I like and on certain occasions, need to have definite plans in place, whether it’s for a fun night with my family and friends or a networking event that I’m attending. You see, I like plans. I like lists. I like organization. I like the black and white, where things are 100% crystal clear. Anything otherwise can, like I said above, make me start to worry and get anxious.
This past week in the grey was tough. It pushed me to realize just how important it is to be able to let go of the things I can’t control. To stop worrying about every little or big decision I’m making and just focus on the things that truly matter. Constantly worrying and trying to control the things around me is ultimately only going to hold me back from living and enjoying my life. Before I know it, I’ll be old and grey and life’s precious moments, the ones that really count, will have passed me by because I was too busy worrying about the things that quite honestly, I had no control over.

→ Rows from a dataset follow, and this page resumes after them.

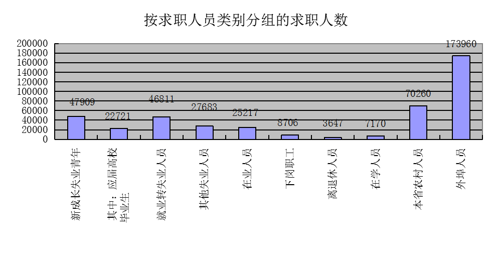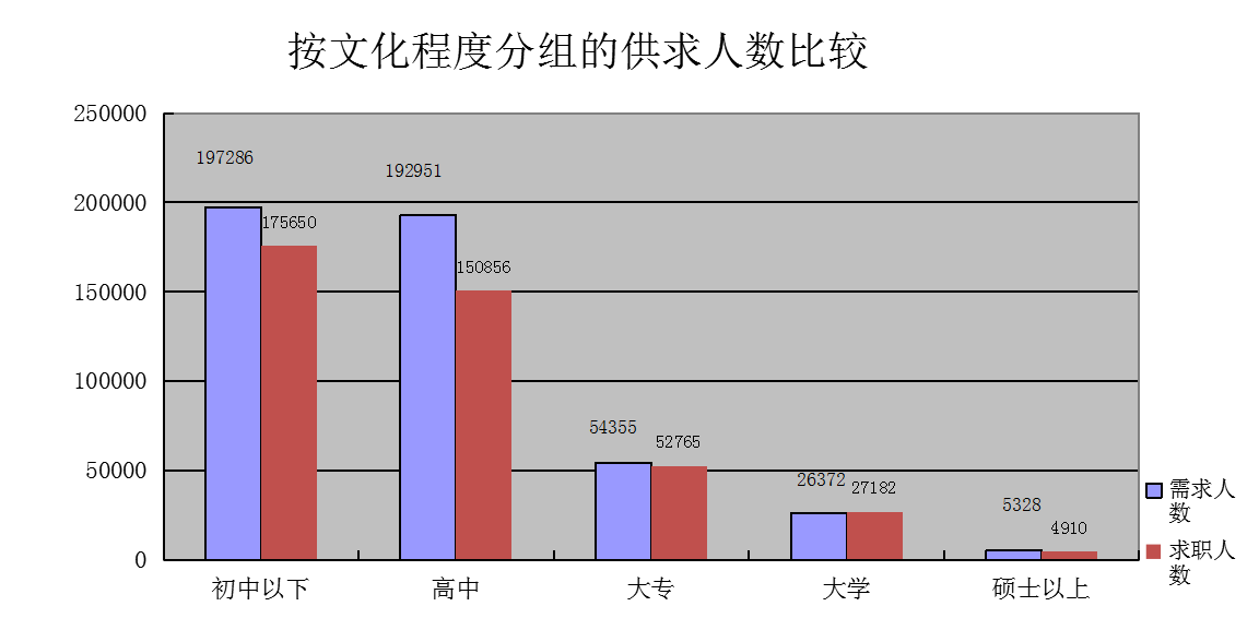 从文化程度上看,高中和初中以下学历的求职人员占求职总数的79.37%,整个人力资源供给市场学历仍相对较低,人力资源供给的素质结构需要进一步提升。
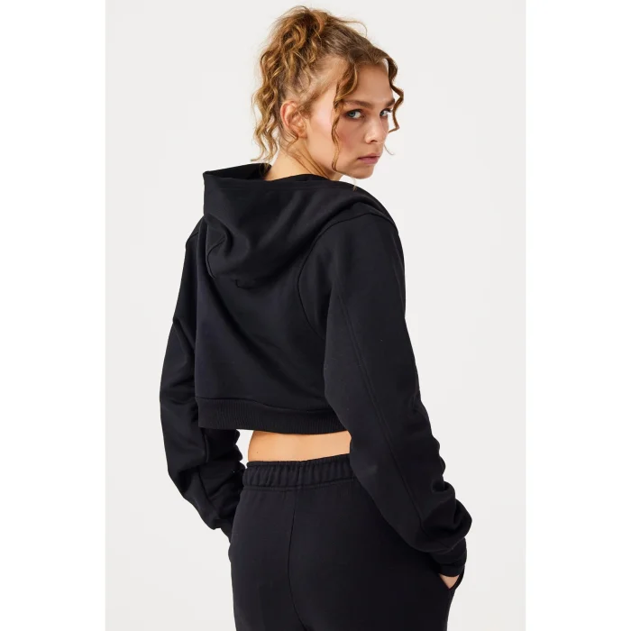 Aura Zippered Crop Hoodie, which combines elegance and comfort, adds a dynamic atmosphere to your style with its modern cut. The crop design, which ends at waist level, stands out with its feminine stance, while its simple form offers a minimal and flowing look. The hooded structure and front zipper detail create a sporty and stylish style while providing ease of use. The slightly fuzzy texture of the interior offers a soft feel all day long.
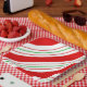 This pretty paper plate features a fun Christmas design of diagonal stripes in candy cane colours of red, white and green. Search ID259 to see other products with this pattern.
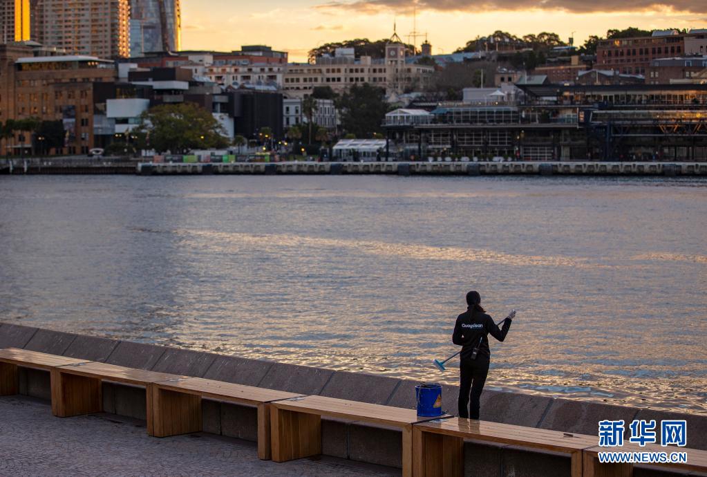8月10日,在澳大利亞悉尼,一位工作人員清潔歌劇院前廣場。
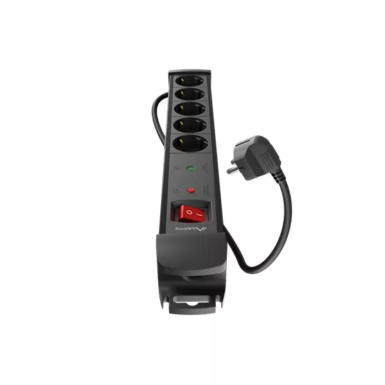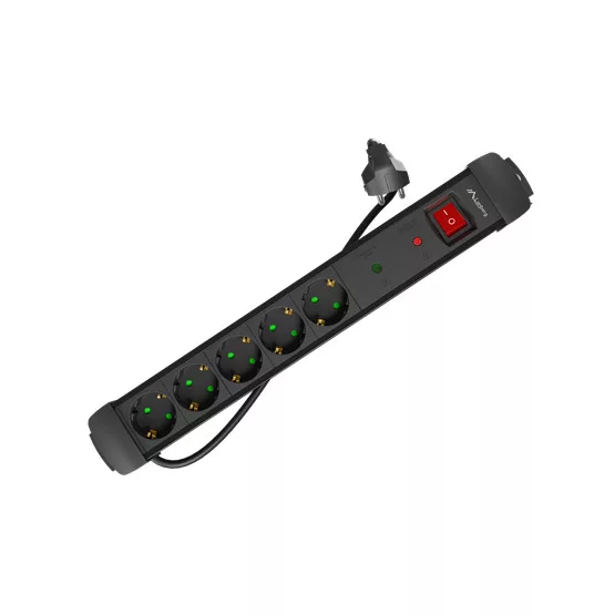 Túlfeszültség védő elosztó, 2500 W, 5x Schuko aljzat, 1.5 m, fekete

That’s the thing about living in the grey. It pushes you to become a better you, a more real you, a you that lives not for the moments during your 9-5 job, but instead, lives for all the moments right now.
Living in the grey has shown me that it’s ok that my next step hasn’t been determined yet. It’s ok that I don’t have complete control over every aspect of my life. I have to, and I do, trust that things will work out for the best and that everything will fall into place. I trust that I will make the right decisions for me, both professionally and personally.
By living in the grey, I’ve realized that sometimes, it’s best to just let things go. Let go of the things you can’t control. Let go of all the worries, stresses and frustrations that keep you up at night because it isn’t going to help anything; instead, it’s just going to make you cranky in the morning due to the lack of sleep!
In the meantime, enjoy these in-between moments. Enjoy the time spent with your family and friends. Enjoy the moments where you don’t have a single worry or stressful thought. These are the moments we should be looking for because these are the moments that show us that we’re truly living life the way it should be lived. With our loved ones. Doing amazing, exciting, thrilling activities that push us into the grey.